AI is fundamentally transforming the enterprise landscape by bringing new insights to decision-making, automating complex processes, and creating new ways for companies to interact with customers and manage operations. Here are a few key areas where AI is making an impact:

Automation: AI automates routine, error-prone tasks like data entry and customer support with chatbots and even finds ways to optimize complex processes like supply chain management. This saves time and lets folks focus on more creative or strategic tasks.

Data Analysis: It digs through massive piles of data to find patterns and insights faster than any human could. This helps businesses make smarter decisions, predict market trends, and better understand their customers.

Personalization: Companies use AI to tailor their services and marketing to individual customers, like recommendation engines that learn what a user likes as seen on Netflix or Spotify.

Enhanced Security: AI is a big player in cybersecurity, helping to detect and respond to threats instantly. It’s always on guard, scanning for anything fishy.

Innovation: AI drives innovation by helping develop new products and services—from drugs to new materials—by simulating every aspect of a product’s design, look and feel, and maintenance. It can even predict outcomes before physical trials for medicines.

The Challenges of Scalability and Flexibility

Legacy storage systems often fail to scale efficiently, a capability crucial for AI applications that generate and process large data volumes. Traditional storage may require significant downtime or complex upgrades and networking configuration and allocation to increase capacity. This is not feasible in dynamic AI environments, which require rapid scalability, zero downtime, and model deployment without losing performance.

AI workloads also demand high throughput and low latency simultaneously. Legacy systems, usually equipped with mechanical drives and outdated networking, can’t meet these speed requirements, leading to bottlenecks that impede AI operations. Modern AI benefits dramatically from faster technologies like NVMe and GPU acceleration, and these are often incompatible with older systems.

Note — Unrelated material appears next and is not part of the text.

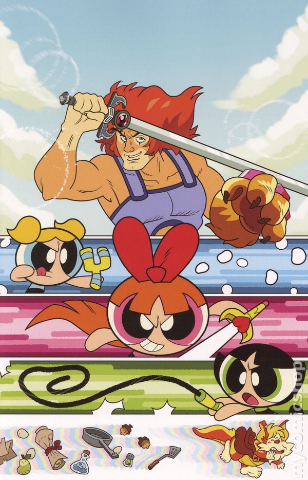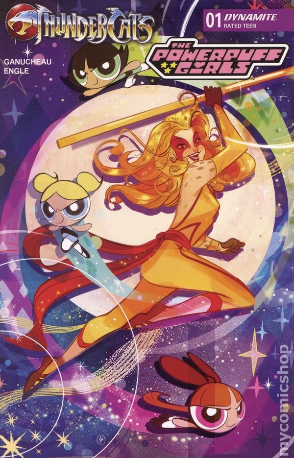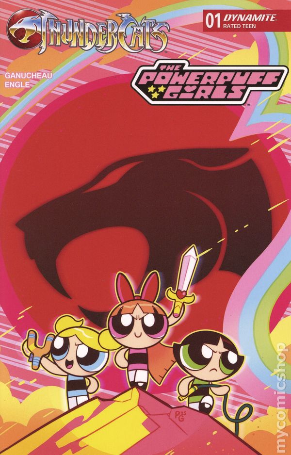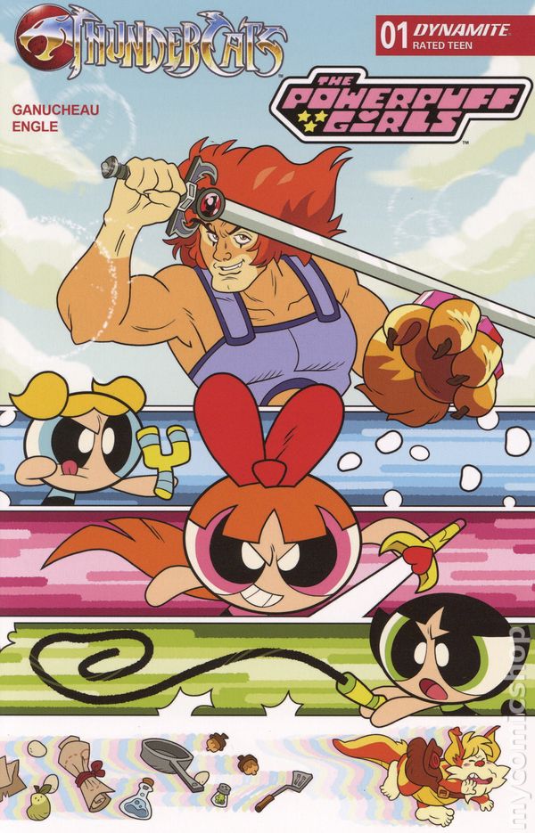 Written by Paulina Ganucheau. Art by Coleman Engle. Cover by Paulina Ganucheau. In the greatest crossover since peanut butter met jelly, The Powerpuff Girls travel from Townsville to Third Earth and discover the world of the ThunderCats! After being trapped in a runaway rocket by Mojo Jojo, the titanic trio find themselves on a strange planet where their super-powers don't work. Luckily, someone named Snarf is there to provide a situation report and wouldn't you know it, there's evil that needs defeating! But without their Chemical X-enhanced abilities, what can Bubbles, Blossom, and Buttercup do against a foe like Mumm-Ra? Find out as writer PAULINA GANUCHEAU and artist COLEMAN ENGLE open up the Treasures of Thundera in the first issue of ThunderCats/The Powerpuff Girls featuring instantly iconic covers from GANUCHEAU and ENGLE as well as CORAN KIZER STONE, SAOWEE, and NICOLETTA BALDARI! 32 pages, full color. Rated T Cover price $4.99.

AI applications require real-time data access and analysis from varied sources. Legacy storage, often siloed, hinders data integration and movement, limiting effective data analytics and machine learning. Legacy management tools also struggle with complex data governance and automated tiering necessary for AI.

Legacy storage maintenance and upgrades are also costly and inefficient for AI demands, including high operational costs for power, cooling, and space. Retrofitting old systems to support new technologies is economically unsustainable.

AI thrives on modern storage features like automated tiering, real-time analytics, and robust security measures like encryption. Legacy systems lack these critical capabilities, which are essential for protecting AI data and meeting regulatory standards.

Modernizing data management and storage infrastructures is vital for leveraging AI’s transformative potential. Next-generation storage solutions designed for AI complexities can significantly enhance performance, scalability, and cost efficiency, fostering innovative applications and business models.

Meet Quantum Myriad

Quantum Myriad is a high-performance, software-defined all-flash storage solution designed to meet the demands of modern applications, particularly those requiring high throughput and low latency. This is especially true for AI, data science, VFX, and animation. Myriad’s cloud-native architecture provides flexibility, ease of deployment, and automatic responses to system changes, whether on-premises or in a public cloud environment like AWS.

Myriad’s design zeroes in on delivering consistent low latency and high bandwidth. These qualities are absolute must-haves for applications that demand lightning-fast data processing and real-time performance.

Myriad’s architecture is highly flexible and effortlessly accommodates both small and large deployments. It is easy to start with a small system and then grow a Myriad cluster. As you add more nodes, it scales up linearly while still keeping things efficient and balanced.

Managing clusters with Myriad is simple. It comes packed with features like zero-click storage expansions and a user-friendly management portal, which help reduce the need for constant administrative attention. Myriad covers data integrity with a transactional key-value store spread across its nodes and error correction is managed across all available storage nodes.

Myriad comes with impressive networking support. With support for RDMA over Converged Ethernet (RoCE) and integration with existing network deployments via BGP routing, data can effortlessly flow in and out of the Myriad cluster while taking advantage of advanced networking capabilities.

Myriad is designed to be user-friendly and requires minimal steps to set up and run or add extra share locations. This makes it perfect for enterprises needing to adapt quickly to changing storage needs, particularly since the solution runs on standard, off-the-shelf servers. Plus, if you’re eyeing the cloud, Myriad plays nice with platforms like AWS so that you can extend beyond your on-premises setup.

Quantum Myriad Configuration as Tested

The Quantum Myriad tested was a base configuration of five nodes. Each node was equipped with ten 15TB SSDs, totaling a significant amount of fast-access storage across the cluster. This base setup allowed for substantial data storage capacity while maintaining the speed necessary for high I/O operations and quick data retrieval—all essential for real-time processing and AI computations. The storage nodes are specified and configured from SuperMicro and the NVMe drives are readily available from Samsung.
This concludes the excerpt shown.